## [WHAT YOU HAVE TO DO]
Each line in the records below, from the one that contains "Брюки мужские из" to the one that contains "BRAND NEW LARGE", should be reproduced exactly, the first and last included.

## [PROVIDED RECORDS]
---*---

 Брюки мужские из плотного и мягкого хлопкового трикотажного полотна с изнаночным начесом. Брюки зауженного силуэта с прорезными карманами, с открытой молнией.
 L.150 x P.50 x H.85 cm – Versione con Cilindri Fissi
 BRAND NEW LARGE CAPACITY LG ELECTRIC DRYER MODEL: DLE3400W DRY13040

---*---

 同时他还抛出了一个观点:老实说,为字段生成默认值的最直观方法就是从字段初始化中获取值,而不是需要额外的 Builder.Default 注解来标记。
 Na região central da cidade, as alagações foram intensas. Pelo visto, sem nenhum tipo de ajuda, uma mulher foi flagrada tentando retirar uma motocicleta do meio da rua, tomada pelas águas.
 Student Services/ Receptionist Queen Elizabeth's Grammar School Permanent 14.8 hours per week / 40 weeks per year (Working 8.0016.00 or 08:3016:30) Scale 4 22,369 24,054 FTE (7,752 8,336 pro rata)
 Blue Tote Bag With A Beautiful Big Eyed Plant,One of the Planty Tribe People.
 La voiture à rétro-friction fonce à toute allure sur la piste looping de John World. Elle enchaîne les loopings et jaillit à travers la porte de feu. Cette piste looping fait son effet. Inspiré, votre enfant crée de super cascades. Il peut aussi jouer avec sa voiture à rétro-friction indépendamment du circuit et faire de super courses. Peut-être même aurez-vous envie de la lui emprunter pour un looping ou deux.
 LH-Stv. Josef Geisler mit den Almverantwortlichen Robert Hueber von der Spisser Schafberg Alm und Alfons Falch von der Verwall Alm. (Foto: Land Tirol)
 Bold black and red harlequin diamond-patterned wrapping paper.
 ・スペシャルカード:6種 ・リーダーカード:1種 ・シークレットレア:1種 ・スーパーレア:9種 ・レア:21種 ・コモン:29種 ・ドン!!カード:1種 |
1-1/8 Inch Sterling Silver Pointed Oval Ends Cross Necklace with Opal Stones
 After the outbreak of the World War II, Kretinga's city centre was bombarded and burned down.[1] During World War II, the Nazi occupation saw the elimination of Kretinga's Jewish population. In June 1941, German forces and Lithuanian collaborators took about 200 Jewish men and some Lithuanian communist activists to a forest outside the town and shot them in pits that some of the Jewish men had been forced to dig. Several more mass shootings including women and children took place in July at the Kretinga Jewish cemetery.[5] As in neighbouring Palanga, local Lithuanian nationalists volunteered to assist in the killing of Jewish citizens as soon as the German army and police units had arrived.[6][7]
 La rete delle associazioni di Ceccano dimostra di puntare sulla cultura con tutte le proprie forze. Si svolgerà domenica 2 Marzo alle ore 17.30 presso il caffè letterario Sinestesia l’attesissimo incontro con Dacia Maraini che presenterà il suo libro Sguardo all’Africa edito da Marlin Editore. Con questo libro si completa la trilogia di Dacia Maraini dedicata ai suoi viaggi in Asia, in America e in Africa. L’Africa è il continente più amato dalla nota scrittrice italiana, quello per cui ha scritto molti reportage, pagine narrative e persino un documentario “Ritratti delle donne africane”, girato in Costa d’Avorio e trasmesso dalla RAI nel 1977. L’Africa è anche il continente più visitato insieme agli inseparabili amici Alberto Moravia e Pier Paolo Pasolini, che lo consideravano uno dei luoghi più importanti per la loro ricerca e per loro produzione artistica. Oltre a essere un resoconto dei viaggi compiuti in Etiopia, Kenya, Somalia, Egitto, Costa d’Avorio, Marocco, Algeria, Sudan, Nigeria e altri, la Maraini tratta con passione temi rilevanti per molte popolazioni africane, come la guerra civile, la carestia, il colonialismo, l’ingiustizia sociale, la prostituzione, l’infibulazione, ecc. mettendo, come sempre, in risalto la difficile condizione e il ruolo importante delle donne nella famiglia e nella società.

---*---

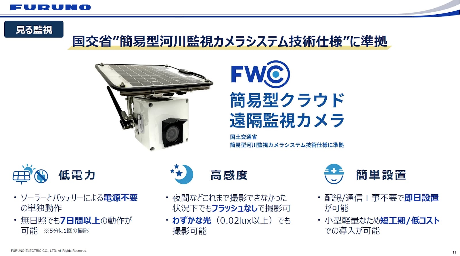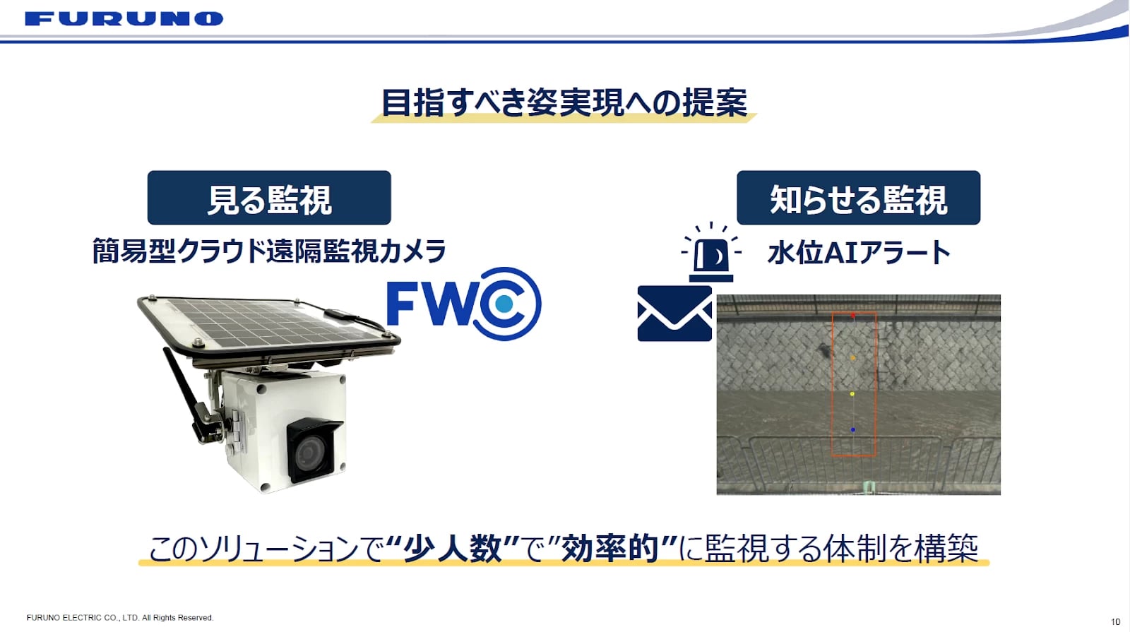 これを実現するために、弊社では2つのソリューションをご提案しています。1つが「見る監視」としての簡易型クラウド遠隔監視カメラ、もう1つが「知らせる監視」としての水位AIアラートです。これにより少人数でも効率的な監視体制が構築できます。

---*---

## [EXERCISE OUTPUT]
 Брюки мужские из плотного и мягкого хлопкового трикотажного полотна с изнаночным начесом. Брюки зауженного силуэта с прорезными карманами, с открытой молнией.
 L.150 x P.50 x H.85 cm – Versione con Cilindri Fissi
 BRAND NEW LARGE CAPACITY LG ELECTRIC DRYER MODEL: DLE3400W DRY13040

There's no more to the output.